By Dale Thomure, CBO, CFM February 16, 2016

NBCAR article imageMother Nature started 2016 with a bang in late January, dropping record and near-record snowfalls across the eastern seaboard. The snow was accompanied by wind gusts that reached 75 miles per hour and storm surge heights that surpassed those of Superstorm Sandy. Early estimates predicted insured losses to surpass $1 billion from the event alternatively known as Jonas, Snowzilla, or David Snowie, depending on who you ask.

The storms marked yet another catastrophic natural hazard that affected some of the United States’ most populous cities, complicated by more and more people moving to the vulnerable coasts and seismically threatened regions each year. Engineers, insurers, and community officials are all facing the issue of how to create a built environment that will protect the public for years to come in this changing climate.

The solution may lie in one of the best lines of defense: the adoption and enforcement of modern building codes. The concept is simple: increased resilience = less damage = lower losses. Unfortunately, code adoption and enforcement practices vary widely from community to community, even within individual states.

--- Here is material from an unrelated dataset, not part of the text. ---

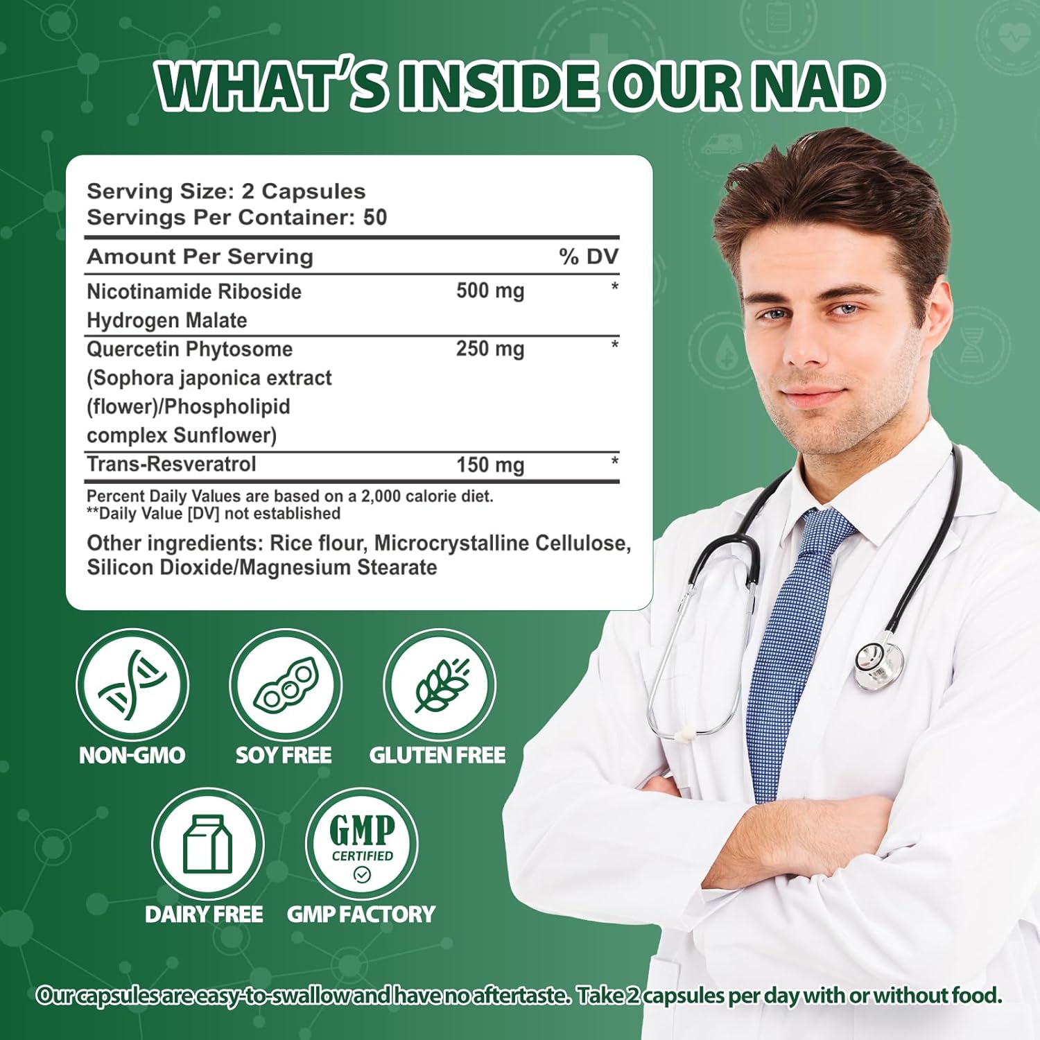 Premium NAD+ Formula: Our NAD+ Resveratrol supplement contains Nicotinamide Riboside, Quercetin PhytoCapsule, and Resveratrol. Take two NAD capsules daily for maximum health benefits!
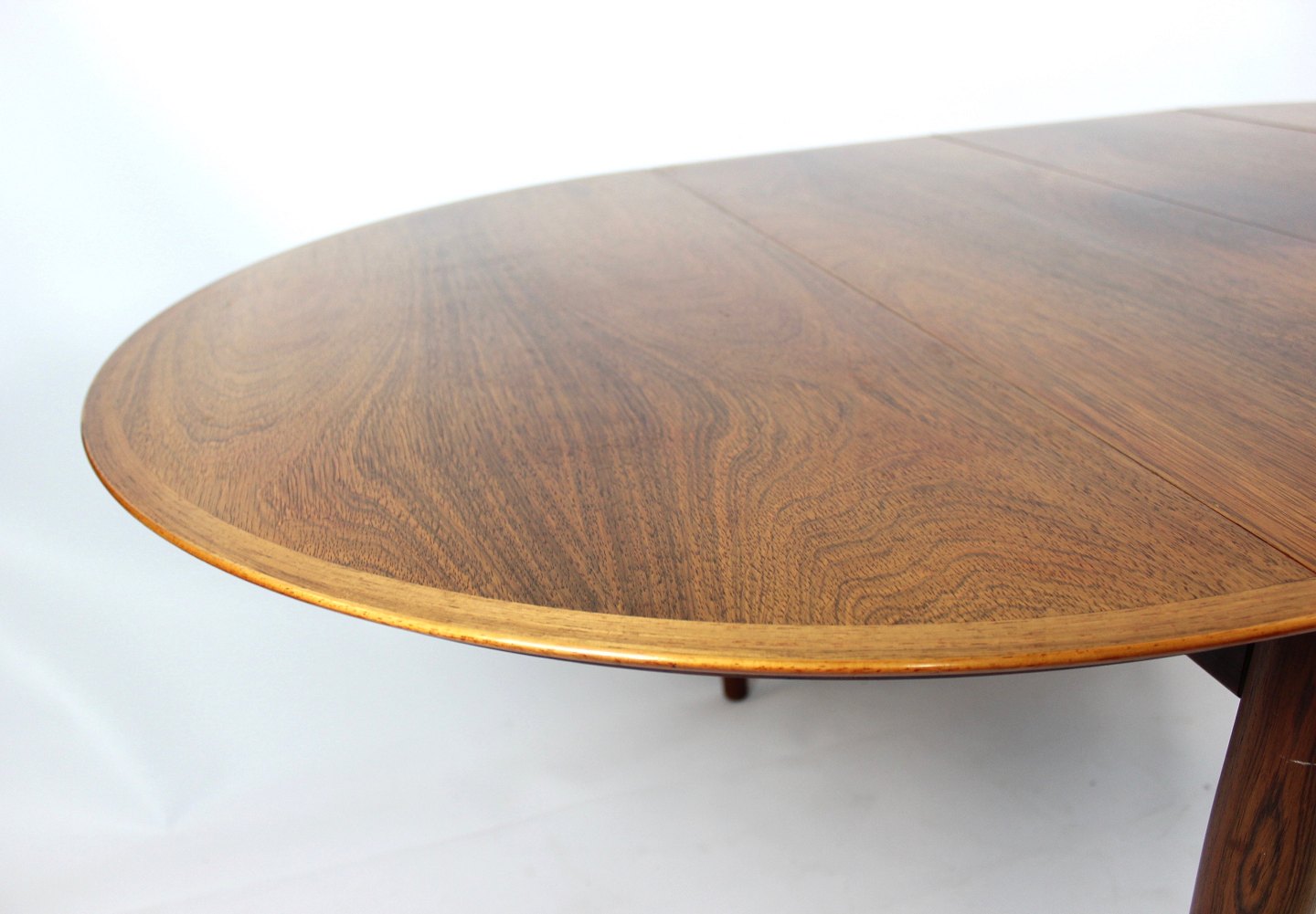 Spisebord med udtræk i palisander af dansk design fra fra 1960erne. Bordet vil blive sat i stand inden levering.

Through our Building Code Effectiveness Grading Schedule (BCEGS®) program, ISO assesses building codes in effect in individual communities and how the communities enforce the codes. The BCEGS assessments place special emphasis on mitigation of losses from natural hazards. Building departments are scored in three separate areas: code administration, plan review, and field inspection. The scoring system uses 1,243 unique data elements. The data collected is calculated and graded on a 100-point scale, then translated to a 1-to-10 classification, with a class 1 reflecting an exemplary commitment to code enforcement.

Residents of communities with more favorable BCEGS classifications may be eligible for property insurance premium discounts. The Federal Emergency Management Agency (FEMA) may also use the scores as part of the prioritization of disaster mitigation grant programs throughout the United States. Communities that can better withstand natural hazards recover more quickly and efficiently, reducing social and financial impacts.

To commemorate the 20th anniversary of the BCEGS program, ISO released the 2015 National Building Code Assessment Report. The report covers the BCEGS program history and growth, addresses building code validation studies that point to hazard mitigation benefits, and provides a comprehensive state-by-state view of building code practices. Although property insurers and local governments routinely use our community-specific data, this is our first comprehensive assessment of the nation’s building codes for all parties with a vested interest in the resilience movement.